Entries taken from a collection

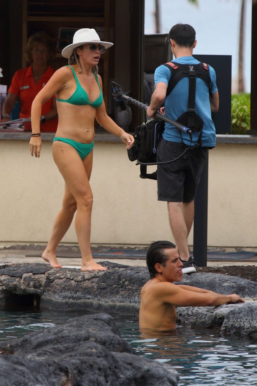 Teddi Jo Mellencamp fue vista usando un bikini verde junto a la piscina el día de la boda de su compañera de reparto Camille Grammer en Hawái, 20/10/2018. Teddi Mellencamp Arroyave es una estrella de televisión de realidad de 37 años (The Real Housewives of Beverly Hills).
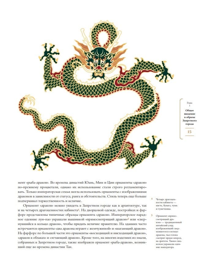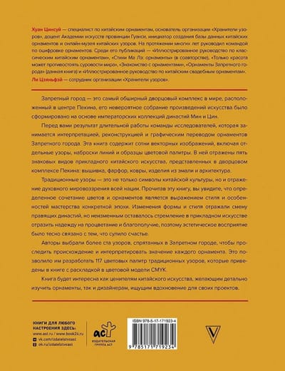 Перед вами результат длительной работы команды исследователей, которая занимается интерпретацией, реконструкцией и графическим переводом орнаментов Запретного города. Эта книга содержит сотни векторных изображений, включая отдельные узоры, наброски линий и образцы цветовой палитры. В ней отражены пять знаковых видов прикладного китайского искусства, представленных в дворцовом комплексе Пекина: вышивка, фарфор, ковры, изделия из эмали и архитектура.
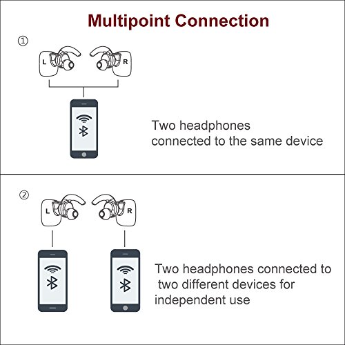 -. Feature : 【High-Fidelity Sound】Featuring latest Bluetooth 4.1 CSR technology and high quality chip that produce incredible sound quality with deep bass and crystal clear treble. Clear High & Low Volume. / 【Smart Multipoint Connectivity】You can use 2 earbuds simultaneously, share the same music/movies with your lover or friend; each bluetooth earbuds also can be paired with two Bluetooth devices like your iPhone or Android phone, iPad, tablet, or laptop separately. / 【Long Battery Life】Built in 50 mAh lithium polymer battery, enjoy about 3 hours of premium quality talk/play time(full charge approximately 1-2 hours), up to 80 hours standby time. Equipped with a dual USB charging cable. / 【Comfortable and Secure Fit】Comfortable and secure in-ear earbuds, soft material protects ears, makes you enjoy your phone call and music time. Wearing firmly by the ear hook during workout, fitness, exercise, running or gym. / 【One-Year Warranty】Our bluetooth earphones have 12 months Replacement Warranty and 100% Satisfaction Guarantee, please don't hesitate to contact us if you have any question about our product and service.
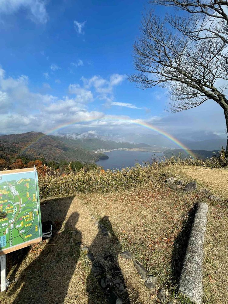 皆さまコメントありがとうございました🙇♀️😭😭😭虹で🌈幸せが訪れますように❣️旦那は隣の賤ヶ岳合戦陣の配置図看板を見ています😅ボランティアガイドさんもこんなキレイな虹は初めてですと言っていました❣️見下ろす虹は、圧巻でした‼️ミーシー夫婦はどの城跡も古戦場跡もぜーんぶ登攀いたしました。なかなかのトレーニングでございました😂紅葉🍁がキレイでしたので、みどりのまとめをしたいと思っております❣️
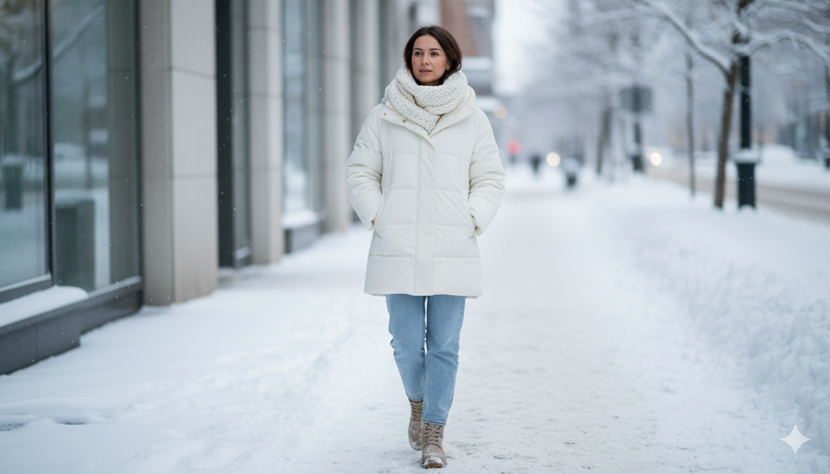 Давайте сегодня спокойно и по-домашнему поговорим про белый цвет зимой. Ту самую тему, которая вызывает и восторг, и сомнения. Кто-то давно носит белое без страха, кто-то только присматривается, а кто-то уверенно говорит: "Нет, это не для меня". Но чаще всего страхи держатся не на фактах, а на мифах. Зимой наша городская палитра превращается в смесь графита, асфальта и угля. Люди по привычке выбирают тёмное, потому что "практично". И на этом фоне белое выглядит как живой свет. Белая одежда зимой - это про дефицит на рынке жизни. Пока весь город в тёмном и жалуется на серость, женщина в белом видна сразу. Она заметна. Она считывается. Белое пальто, пуховик, брюки или обувь создают эффект прожектора. Свет отражается от ткани, лицо выглядит свежее, а образ - дороже. Белый не кричит, но выделяет. Это не пижонство. Это визуальный контраст, который работает безошибочно. Белые вещи зимой будто несут сигнал: "Я здесь".
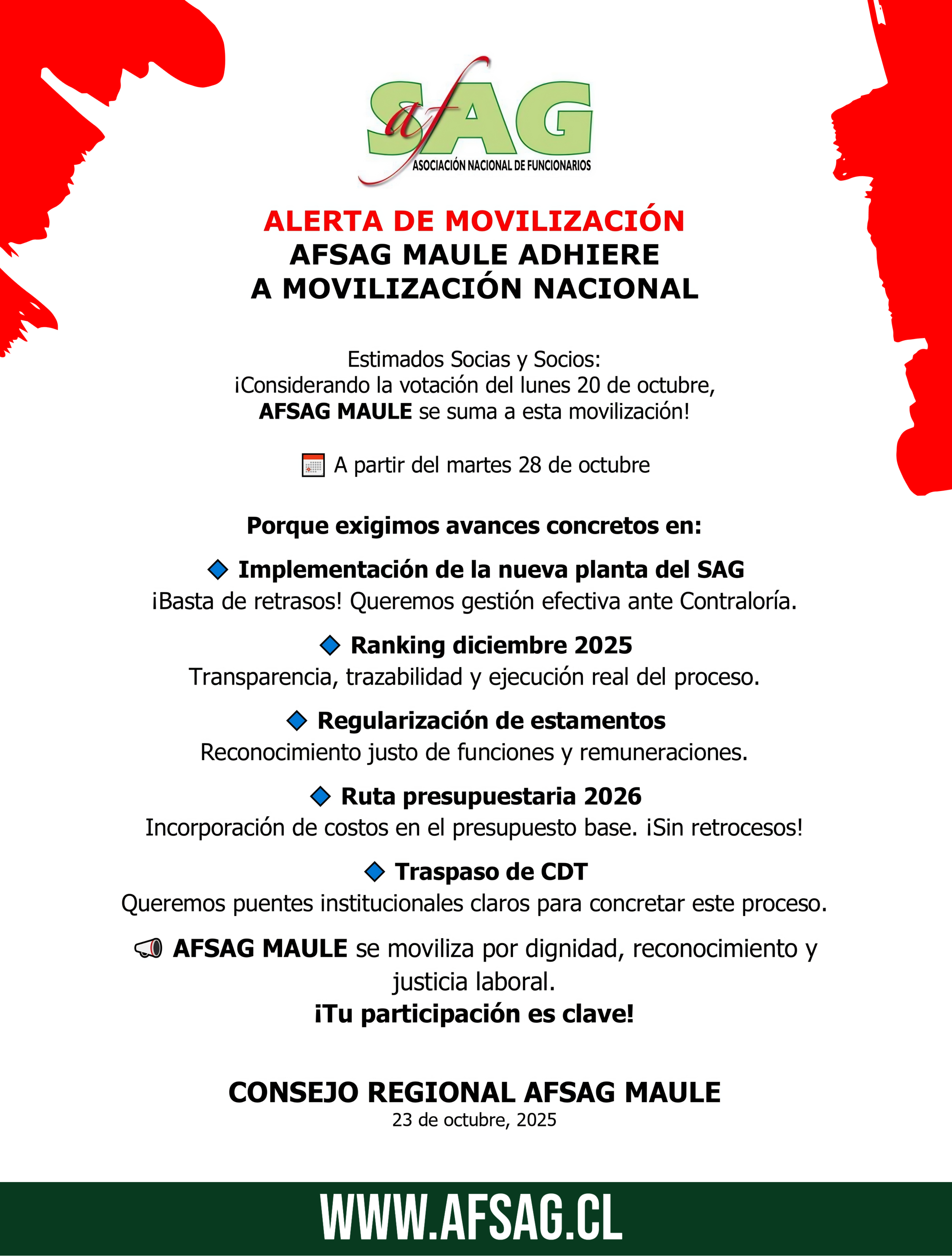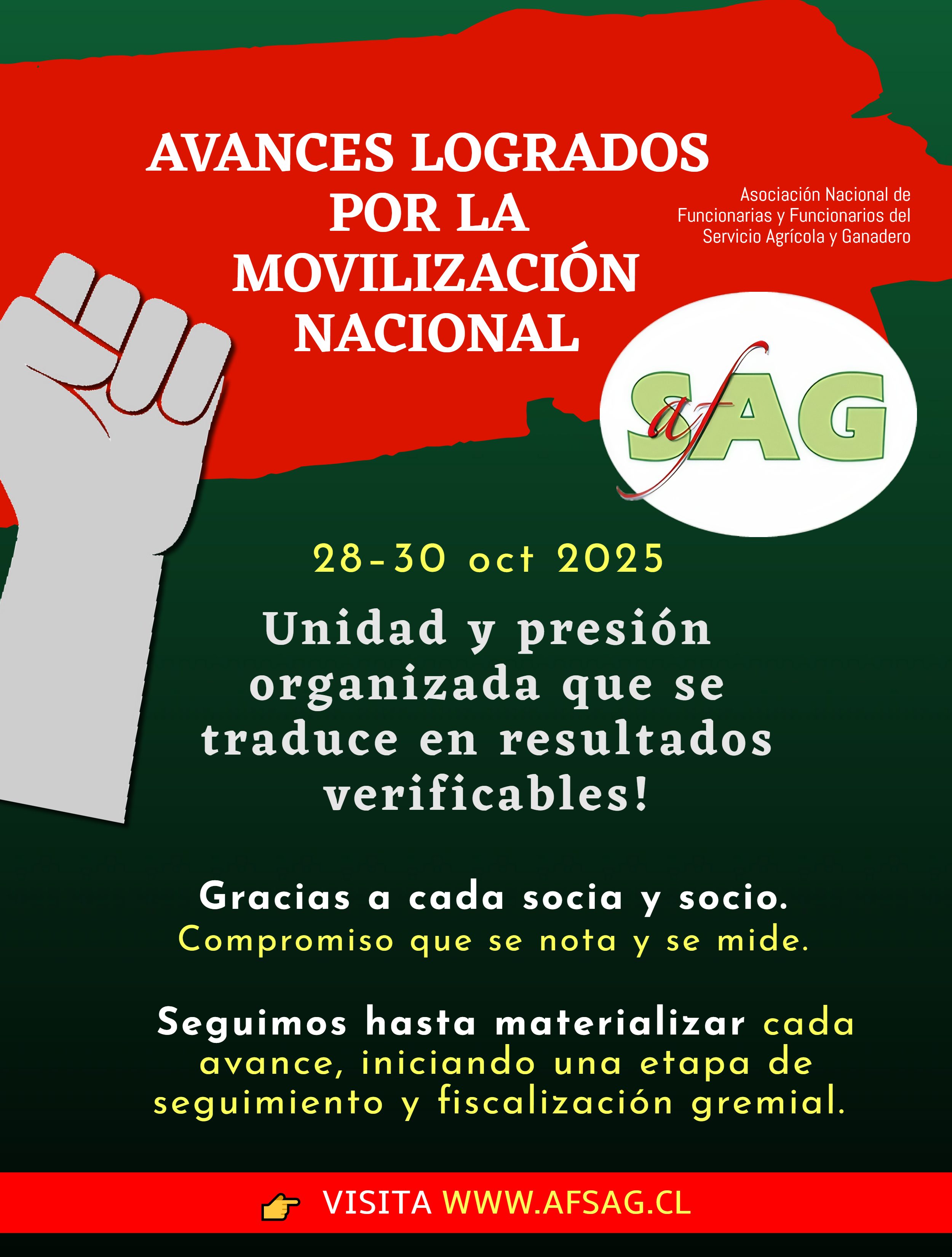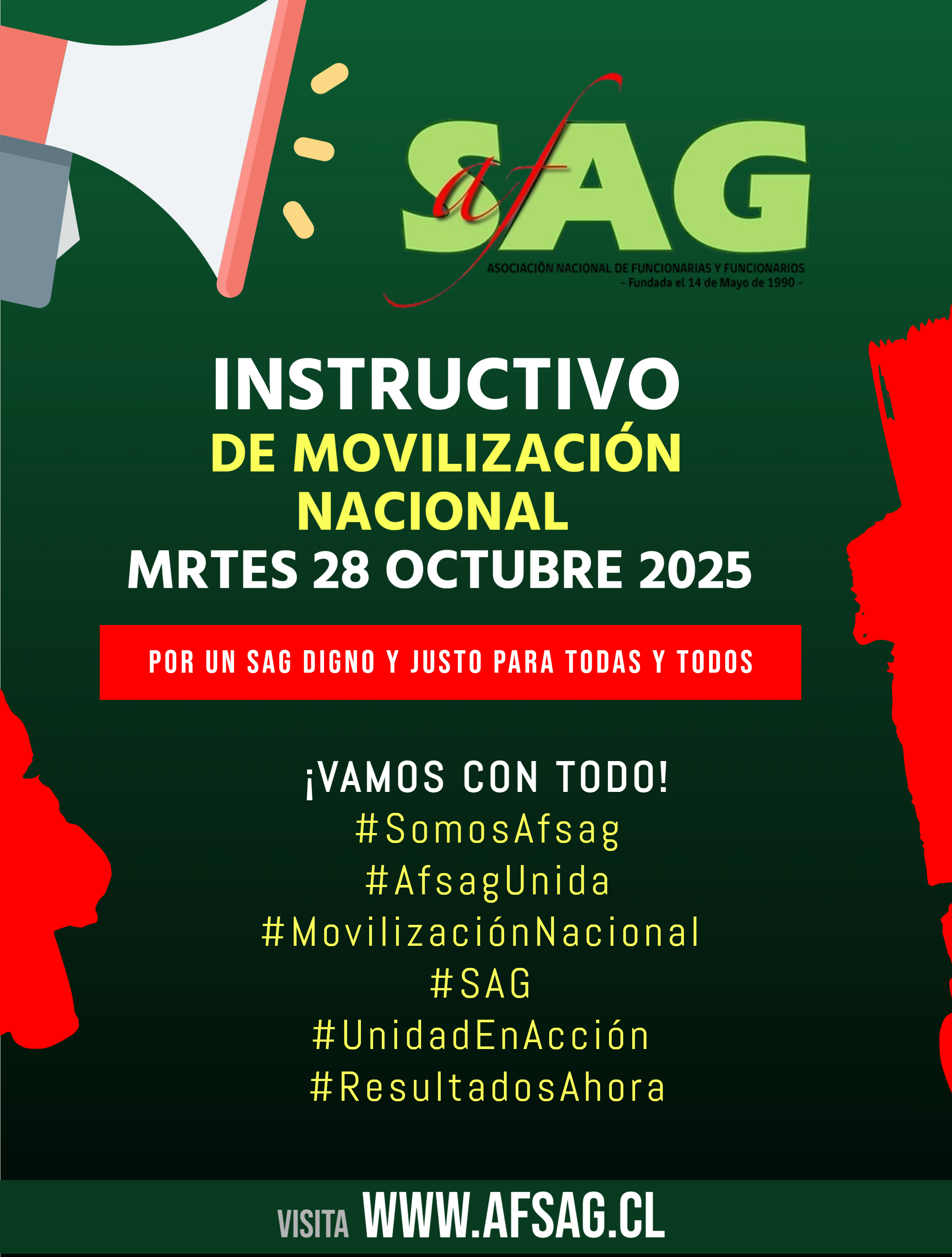 Asociación Nacional de Funcionarias y Funcionarios del Servicio Agrícola y GanaderoFONOS OFICINA AFSAG: 2 64 65 15 70 2 64 65 15 71 2 64 65 15 73 ----- afsag@afsag.cl PASEO BULNES 120 OFICINA 81 - Santiago, Chile

PROBLEM TO SOLVE
For every entry, return its exact wording and leave out any image.

ANSWER SECTION
 Teddi Jo Mellencamp fue vista usando un bikini verde junto a la piscina el día de la boda de su compañera de reparto Camille Grammer en Hawái, 20/10/2018. Teddi Mellencamp Arroyave es una estrella de televisión de realidad de 37 años (The Real Housewives of Beverly Hills).
 Перед вами результат длительной работы команды исследователей, которая занимается интерпретацией, реконструкцией и графическим переводом орнаментов Запретного города. Эта книга содержит сотни векторных изображений, включая отдельные узоры, наброски линий и образцы цветовой палитры. В ней отражены пять знаковых видов прикладного китайского искусства, представленных в дворцовом комплексе Пекина: вышивка, фарфор, ковры, изделия из эмали и архитектура.
 -. Feature : 【High-Fidelity Sound】Featuring latest Bluetooth 4.1 CSR technology and high quality chip that produce incredible sound quality with deep bass and crystal clear treble. Clear High & Low Volume. / 【Smart Multipoint Connectivity】You can use 2 earbuds simultaneously, share the same music/movies with your lover or friend; each bluetooth earbuds also can be paired with two Bluetooth devices like your iPhone or Android phone, iPad, tablet, or laptop separately. / 【Long Battery Life】Built in 50 mAh lithium polymer battery, enjoy about 3 hours of premium quality talk/play time(full charge approximately 1-2 hours), up to 80 hours standby time. Equipped with a dual USB charging cable. / 【Comfortable and Secure Fit】Comfortable and secure in-ear earbuds, soft material protects ears, makes you enjoy your phone call and music time. Wearing firmly by the ear hook during workout, fitness, exercise, running or gym. / 【One-Year Warranty】Our bluetooth earphones have 12 months Replacement Warranty and 100% Satisfaction Guarantee, please don't hesitate to contact us if you have any question about our product and service.
 皆さまコメントありがとうございました🙇♀️😭😭😭虹で🌈幸せが訪れますように❣️旦那は隣の賤ヶ岳合戦陣の配置図看板を見ています😅ボランティアガイドさんもこんなキレイな虹は初めてですと言っていました❣️見下ろす虹は、圧巻でした‼️ミーシー夫婦はどの城跡も古戦場跡もぜーんぶ登攀いたしました。なかなかのトレーニングでございました😂紅葉🍁がキレイでしたので、みどりのまとめをしたいと思っております❣️
 Давайте сегодня спокойно и по-домашнему поговорим про белый цвет зимой. Ту самую тему, которая вызывает и восторг, и сомнения. Кто-то давно носит белое без страха, кто-то только присматривается, а кто-то уверенно говорит: "Нет, это не для меня". Но чаще всего страхи держатся не на фактах, а на мифах. Зимой наша городская палитра превращается в смесь графита, асфальта и угля. Люди по привычке выбирают тёмное, потому что "практично". И на этом фоне белое выглядит как живой свет. Белая одежда зимой - это про дефицит на рынке жизни. Пока весь город в тёмном и жалуется на серость, женщина в белом видна сразу. Она заметна. Она считывается. Белое пальто, пуховик, брюки или обувь создают эффект прожектора. Свет отражается от ткани, лицо выглядит свежее, а образ - дороже. Белый не кричит, но выделяет. Это не пижонство. Это визуальный контраст, который работает безошибочно. Белые вещи зимой будто несут сигнал: "Я здесь".
 Asociación Nacional de Funcionarias y Funcionarios del Servicio Agrícola y GanaderoFONOS OFICINA AFSAG: 2 64 65 15 70 2 64 65 15 71 2 64 65 15 73 ----- afsag@afsag.cl PASEO BULNES 120 OFICINA 81 - Santiago, Chile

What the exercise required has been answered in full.